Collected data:
+ + + + +

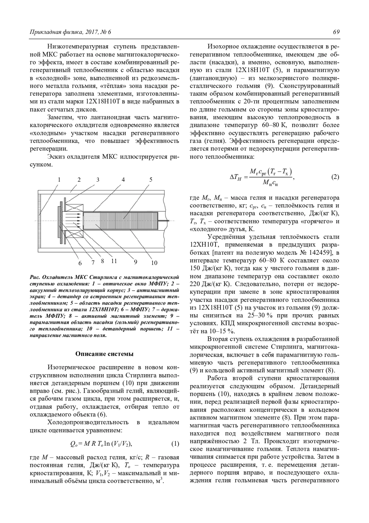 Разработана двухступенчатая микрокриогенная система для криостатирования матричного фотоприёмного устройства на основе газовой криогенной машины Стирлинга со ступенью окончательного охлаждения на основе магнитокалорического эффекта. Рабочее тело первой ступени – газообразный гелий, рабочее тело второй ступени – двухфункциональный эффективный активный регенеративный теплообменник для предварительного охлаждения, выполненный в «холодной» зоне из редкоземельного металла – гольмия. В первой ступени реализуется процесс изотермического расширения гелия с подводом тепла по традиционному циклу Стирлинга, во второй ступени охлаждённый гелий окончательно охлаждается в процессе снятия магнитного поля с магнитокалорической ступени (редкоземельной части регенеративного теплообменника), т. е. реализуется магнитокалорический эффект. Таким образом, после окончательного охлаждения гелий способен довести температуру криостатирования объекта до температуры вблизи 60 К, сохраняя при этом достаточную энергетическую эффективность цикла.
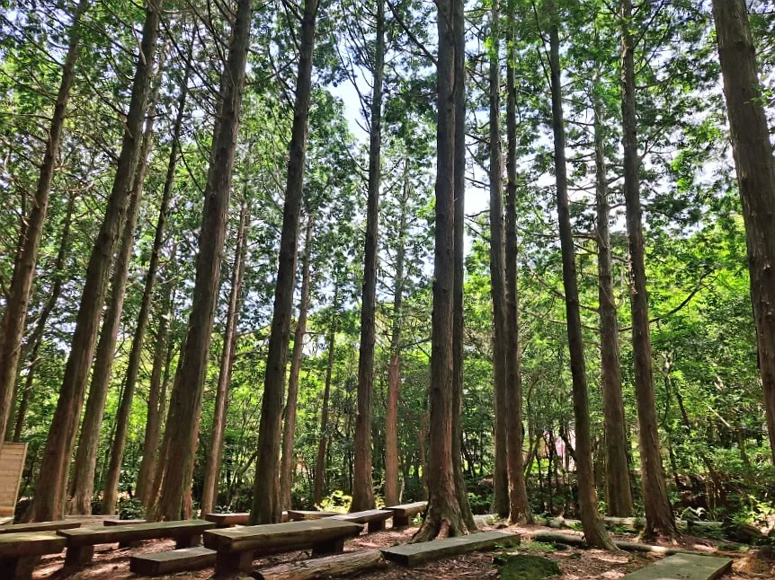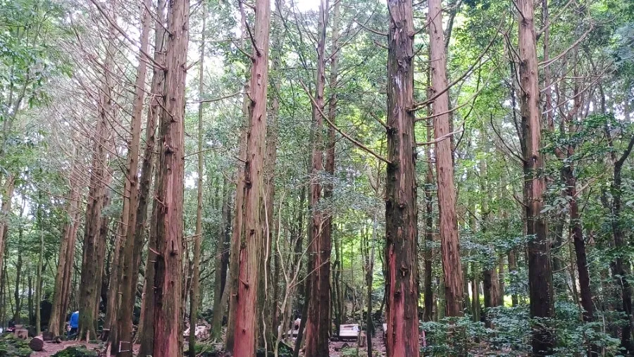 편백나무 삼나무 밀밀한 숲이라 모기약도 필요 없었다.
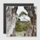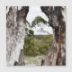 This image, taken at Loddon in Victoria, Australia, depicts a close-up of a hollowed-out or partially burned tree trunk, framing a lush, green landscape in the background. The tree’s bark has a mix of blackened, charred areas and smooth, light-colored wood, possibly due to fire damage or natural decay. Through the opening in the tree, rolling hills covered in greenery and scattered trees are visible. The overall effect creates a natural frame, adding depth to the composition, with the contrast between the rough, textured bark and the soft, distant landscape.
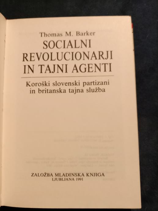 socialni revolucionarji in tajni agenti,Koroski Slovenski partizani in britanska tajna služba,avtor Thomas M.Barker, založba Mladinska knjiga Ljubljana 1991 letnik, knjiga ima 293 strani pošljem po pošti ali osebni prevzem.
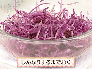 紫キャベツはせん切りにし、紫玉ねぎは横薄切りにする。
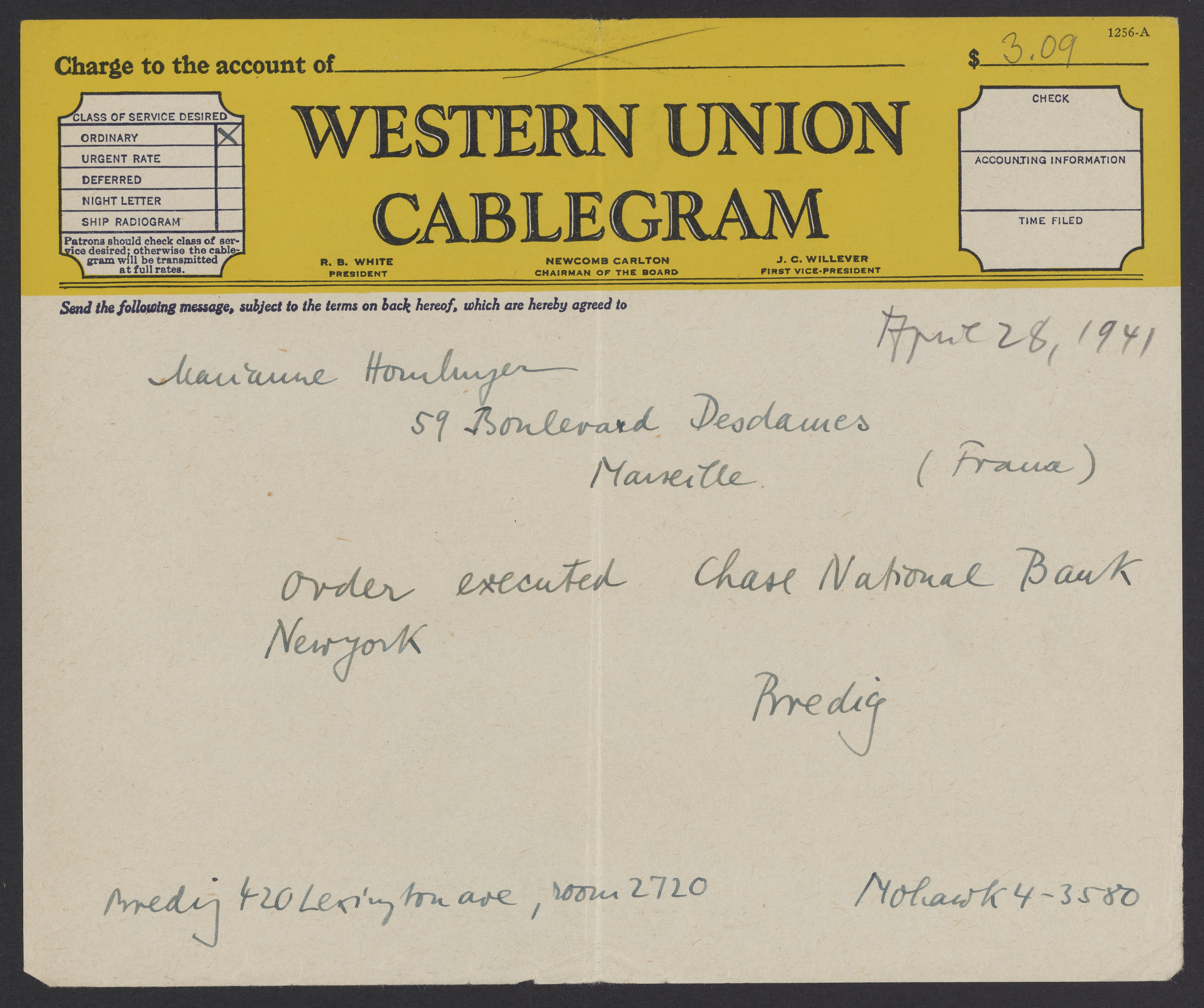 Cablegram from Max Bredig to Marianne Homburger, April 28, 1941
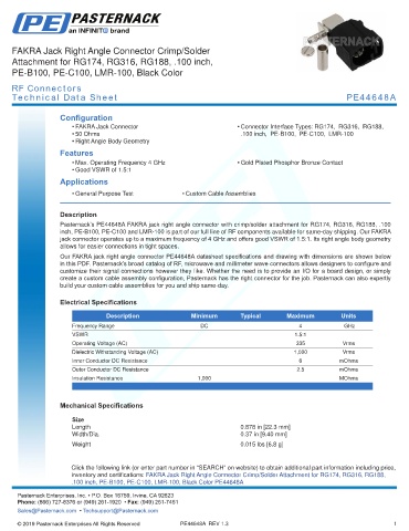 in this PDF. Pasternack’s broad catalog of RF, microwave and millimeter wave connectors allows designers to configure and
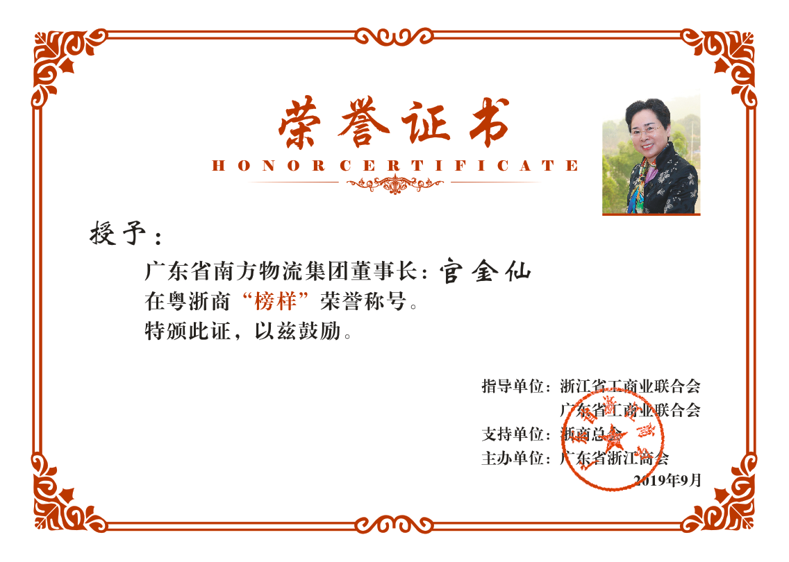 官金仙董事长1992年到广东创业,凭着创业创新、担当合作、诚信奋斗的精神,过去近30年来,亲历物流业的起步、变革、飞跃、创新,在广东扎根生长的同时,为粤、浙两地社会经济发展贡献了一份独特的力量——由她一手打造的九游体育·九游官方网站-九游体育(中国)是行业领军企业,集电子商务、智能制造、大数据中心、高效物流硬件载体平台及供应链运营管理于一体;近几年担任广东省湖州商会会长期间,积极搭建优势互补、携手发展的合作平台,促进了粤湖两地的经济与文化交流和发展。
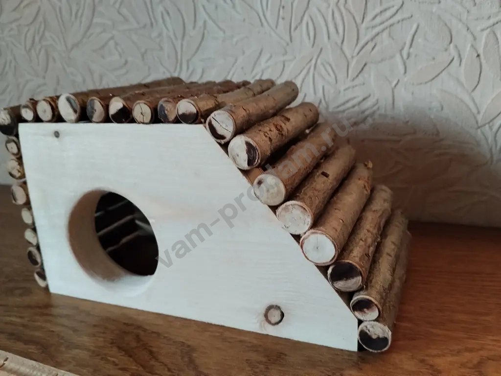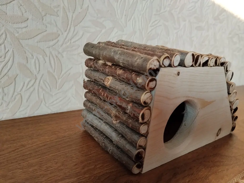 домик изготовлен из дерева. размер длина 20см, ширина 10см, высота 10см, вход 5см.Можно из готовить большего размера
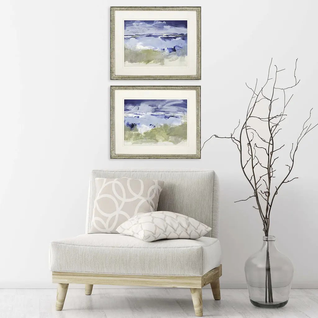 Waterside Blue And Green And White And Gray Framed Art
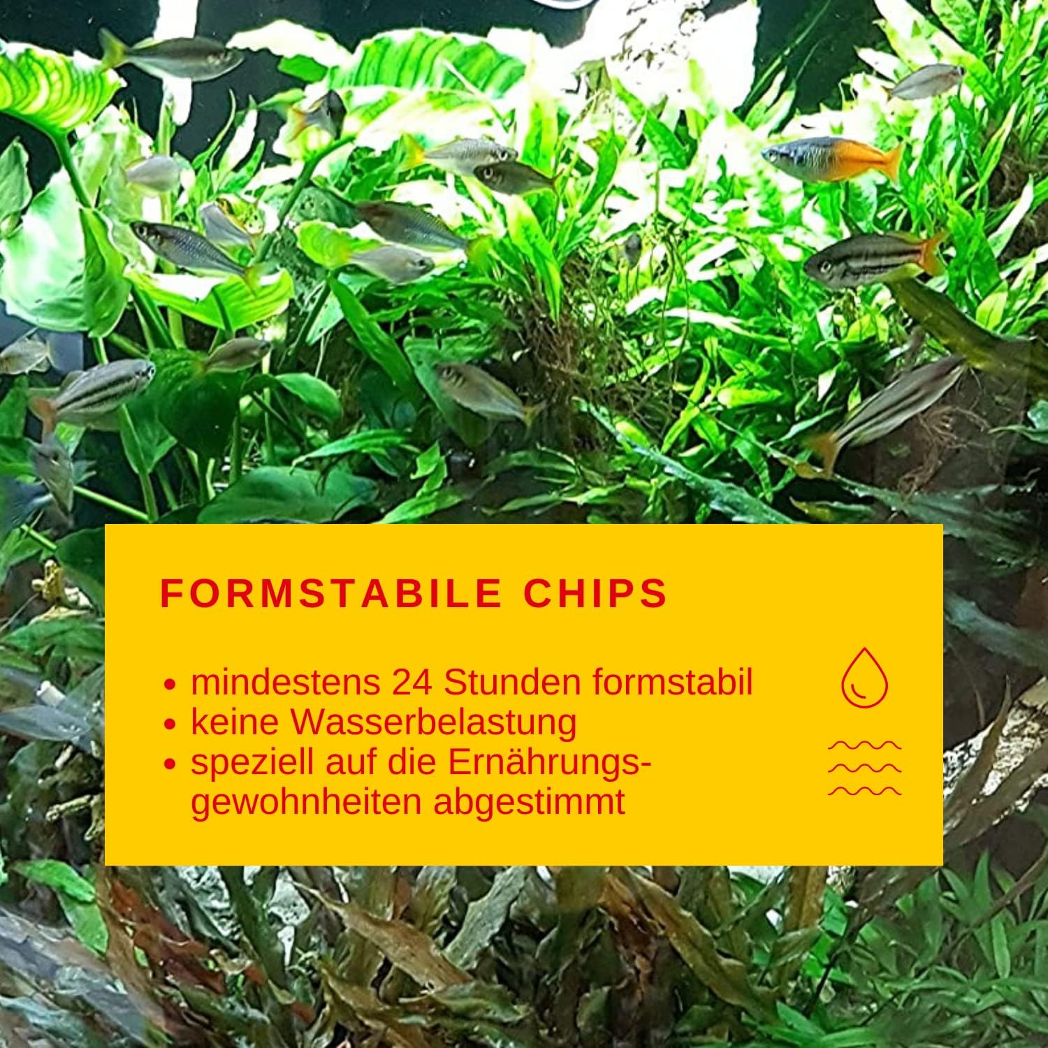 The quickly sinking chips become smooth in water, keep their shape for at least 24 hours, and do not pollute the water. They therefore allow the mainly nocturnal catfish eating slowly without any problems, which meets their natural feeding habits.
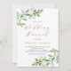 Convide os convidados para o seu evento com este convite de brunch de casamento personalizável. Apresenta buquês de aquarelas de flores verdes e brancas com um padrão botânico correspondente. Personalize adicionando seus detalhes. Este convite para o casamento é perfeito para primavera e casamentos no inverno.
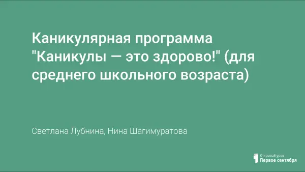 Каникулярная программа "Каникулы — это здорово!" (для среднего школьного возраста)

+ + + + +

WORK INSTRUCTIONS
The records above need to be reproduced exactly, with all images omitted.

WRITTEN SOLUTION
 Разработана двухступенчатая микрокриогенная система для криостатирования матричного фотоприёмного устройства на основе газовой криогенной машины Стирлинга со ступенью окончательного охлаждения на основе магнитокалорического эффекта. Рабочее тело первой ступени – газообразный гелий, рабочее тело второй ступени – двухфункциональный эффективный активный регенеративный теплообменник для предварительного охлаждения, выполненный в «холодной» зоне из редкоземельного металла – гольмия. В первой ступени реализуется процесс изотермического расширения гелия с подводом тепла по традиционному циклу Стирлинга, во второй ступени охлаждённый гелий окончательно охлаждается в процессе снятия магнитного поля с магнитокалорической ступени (редкоземельной части регенеративного теплообменника), т. е. реализуется магнитокалорический эффект. Таким образом, после окончательного охлаждения гелий способен довести температуру криостатирования объекта до температуры вблизи 60 К, сохраняя при этом достаточную энергетическую эффективность цикла.
 편백나무 삼나무 밀밀한 숲이라 모기약도 필요 없었다.
 This image, taken at Loddon in Victoria, Australia, depicts a close-up of a hollowed-out or partially burned tree trunk, framing a lush, green landscape in the background. The tree’s bark has a mix of blackened, charred areas and smooth, light-colored wood, possibly due to fire damage or natural decay. Through the opening in the tree, rolling hills covered in greenery and scattered trees are visible. The overall effect creates a natural frame, adding depth to the composition, with the contrast between the rough, textured bark and the soft, distant landscape.
 socialni revolucionarji in tajni agenti,Koroski Slovenski partizani in britanska tajna služba,avtor Thomas M.Barker, založba Mladinska knjiga Ljubljana 1991 letnik, knjiga ima 293 strani pošljem po pošti ali osebni prevzem.
 紫キャベツはせん切りにし、紫玉ねぎは横薄切りにする。
 Cablegram from Max Bredig to Marianne Homburger, April 28, 1941
 in this PDF. Pasternack’s broad catalog of RF, microwave and millimeter wave connectors allows designers to configure and
 官金仙董事长1992年到广东创业,凭着创业创新、担当合作、诚信奋斗的精神,过去近30年来,亲历物流业的起步、变革、飞跃、创新,在广东扎根生长的同时,为粤、浙两地社会经济发展贡献了一份独特的力量——由她一手打造的九游体育·九游官方网站-九游体育(中国)是行业领军企业,集电子商务、智能制造、大数据中心、高效物流硬件载体平台及供应链运营管理于一体;近几年担任广东省湖州商会会长期间,积极搭建优势互补、携手发展的合作平台,促进了粤湖两地的经济与文化交流和发展。
 домик изготовлен из дерева. размер длина 20см, ширина 10см, высота 10см, вход 5см.Можно из готовить большего размера
 Waterside Blue And Green And White And Gray Framed Art
 The quickly sinking chips become smooth in water, keep their shape for at least 24 hours, and do not pollute the water. They therefore allow the mainly nocturnal catfish eating slowly without any problems, which meets their natural feeding habits.
 Convide os convidados para o seu evento com este convite de brunch de casamento personalizável. Apresenta buquês de aquarelas de flores verdes e brancas com um padrão botânico correspondente. Personalize adicionando seus detalhes. Este convite para o casamento é perfeito para primavera e casamentos no inverno.
 Каникулярная программа "Каникулы — это здорово!" (для среднего школьного возраста)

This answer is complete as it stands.